(SOURCE RECORDS begins)

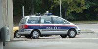 Österreichische Fahrzeuge der Polizei erkennt man an der weißen Aufschrift "Polizei" und an der blau-roten und silbernen Lackierung.
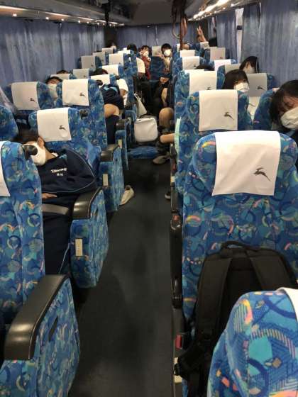 順調に帰っています。5時半に天理の料金所を通過しました。写真は車内のようすです。さすがに寝てます。
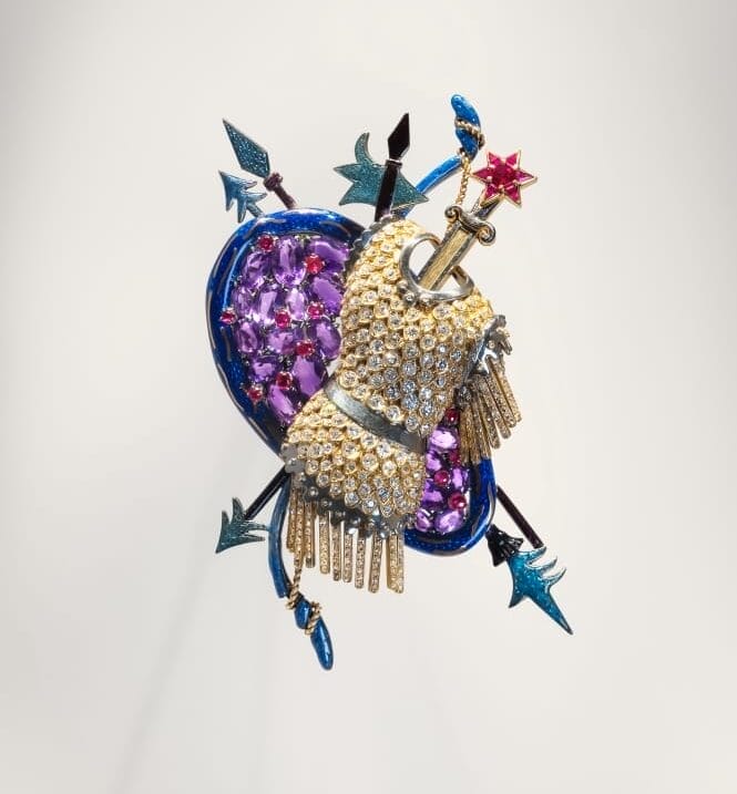 Trophée de Vaillance Clip Jean Schlumberger (1941) Gold, platinum, diamonds, rubies, amethysts, enamel Provenance: Diana Vreeland (1903–1989) The Tiffany Archives
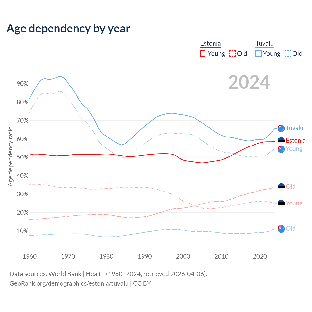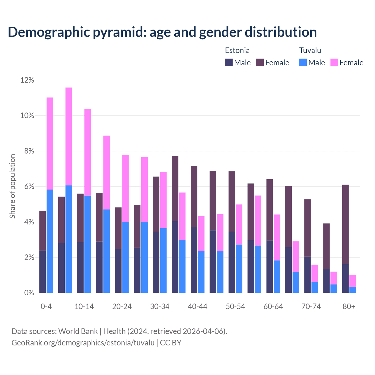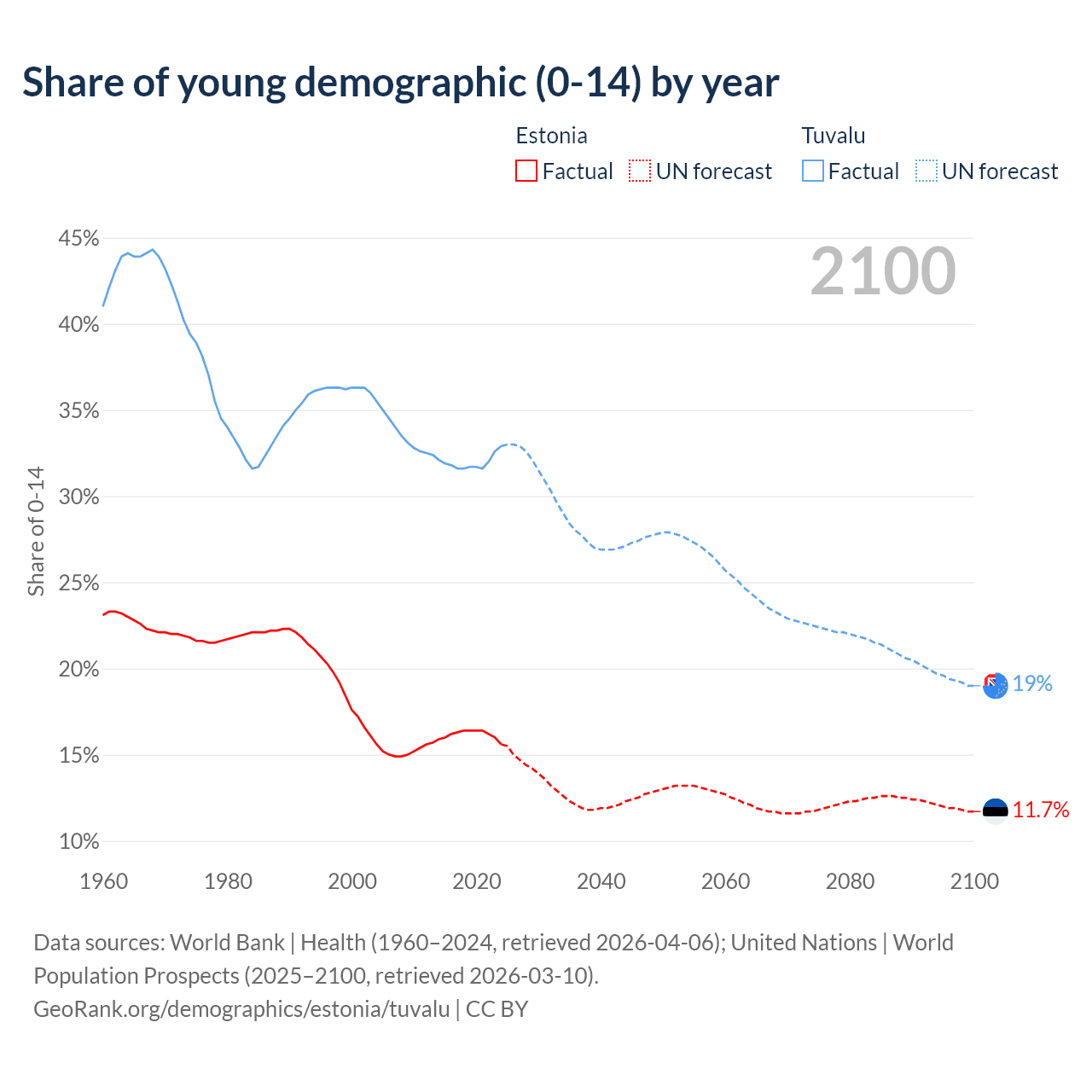 - The share of young demographic (0-15 years old) in Estonia is 15.6% vs 32.9% in Tuvalu.
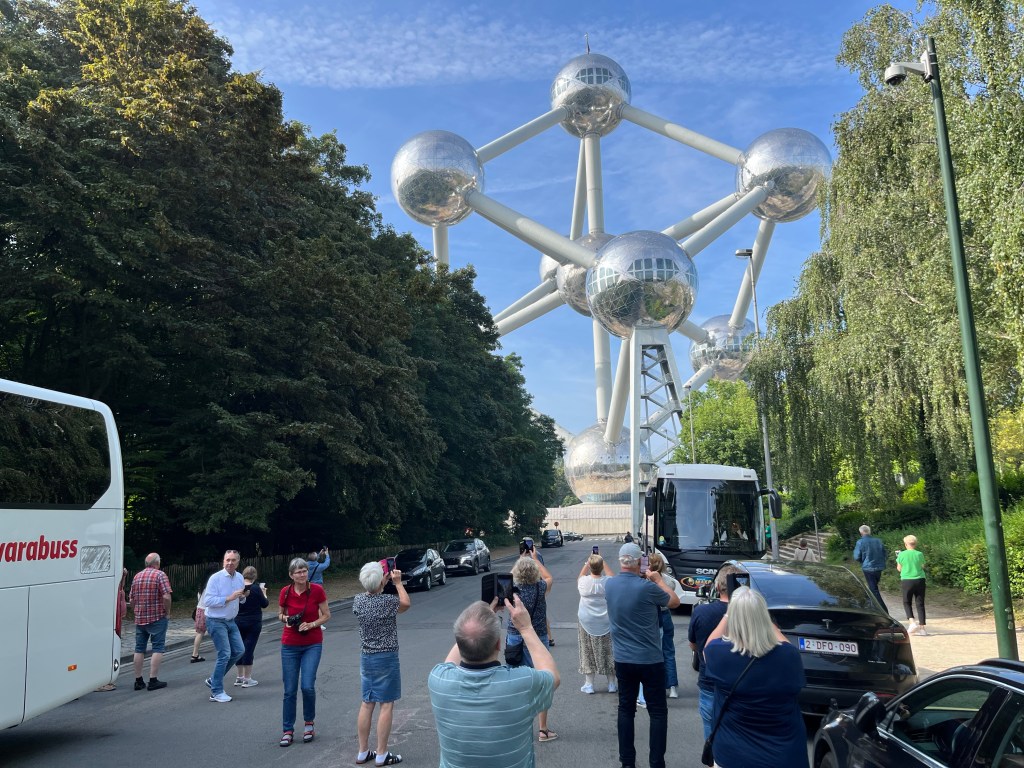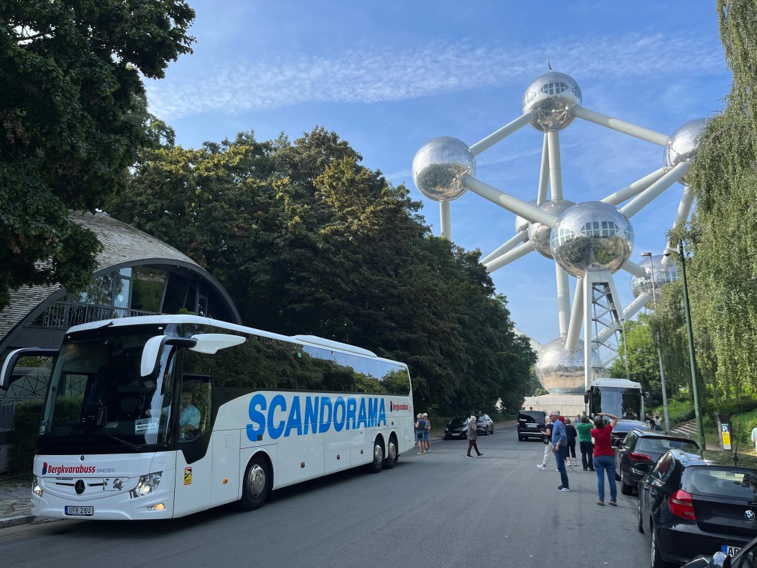 Kl 07.00 styrde vi kossan mot Bryssel. Vi körde in i staden via Atomium där Emanuel svängde in och lät oss gå ur bussen en liten stund för att ta kort på Bryssels kända landmärke. Atomium är en uppförstorad järnatom och ett 102 meter högt byggnadsverk som skapades inför Världsutställningen i Bryssel 1958.
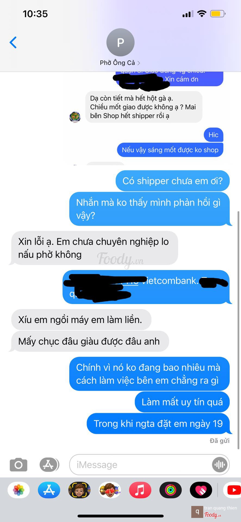 3.2Quá thất vọng.Mình lần đầu tiên bực trong việc ăn uống đến vậy. Mình cũng thường ăn quán này, (PHỞ ÔNG CẢ 66b***- p4 - q3) nhưng nay làm mình quá thất vọng. Đặt món từ ngày 19 Tây. Thống nhất là sáng 21/7 này giao tầm 7 đến 9 giờ sáng. Nên sáng nay mình kỹ và còn nhắc lúc 7g15. Thế méo nào nay gọi gần chục cuộc gọi đều nói em đang chờ shipper. Không thì anh hủy đơn đi (trong khi đã chuyển khoản thanh toán ngày 19). Rồi quán mới kêu mình đợi tiếp. Đến gần 10g mới giao. Nhưng trên thực tế kiểu như quên vậy. Rồi giao đồ ăn thì ko giống ai. Như kiểu cho mình tự làm vậy, rau ko rửa, rồi quăng cho mấy củ hành và sả vô chưa rửa luôn, giao đồ ăn thì thiếu các kiểu. Moá nói chuyển hoàn mình phần thiếu mà đợi Hoài ko thấy, nó ko đáng bao nhiêu nhưng rất ghét kiểu làm ăn này😡😡😡😡 ...Xem thêm

(SOURCE RECORDS ends)

● **WHAT TO DO**
For this answer, return word for word the lines from the first line of the records through the line containing "Kl 07.00 styrde". Omit the pictures.

● **EXERCISE RESULT**
 Österreichische Fahrzeuge der Polizei erkennt man an der weißen Aufschrift "Polizei" und an der blau-roten und silbernen Lackierung.
 順調に帰っています。5時半に天理の料金所を通過しました。写真は車内のようすです。さすがに寝てます。
 Trophée de Vaillance Clip Jean Schlumberger (1941) Gold, platinum, diamonds, rubies, amethysts, enamel Provenance: Diana Vreeland (1903–1989) The Tiffany Archives
 - The share of young demographic (0-15 years old) in Estonia is 15.6% vs 32.9% in Tuvalu.
 Kl 07.00 styrde vi kossan mot Bryssel. Vi körde in i staden via Atomium där Emanuel svängde in och lät oss gå ur bussen en liten stund för att ta kort på Bryssels kända landmärke. Atomium är en uppförstorad järnatom och ett 102 meter högt byggnadsverk som skapades inför Världsutställningen i Bryssel 1958.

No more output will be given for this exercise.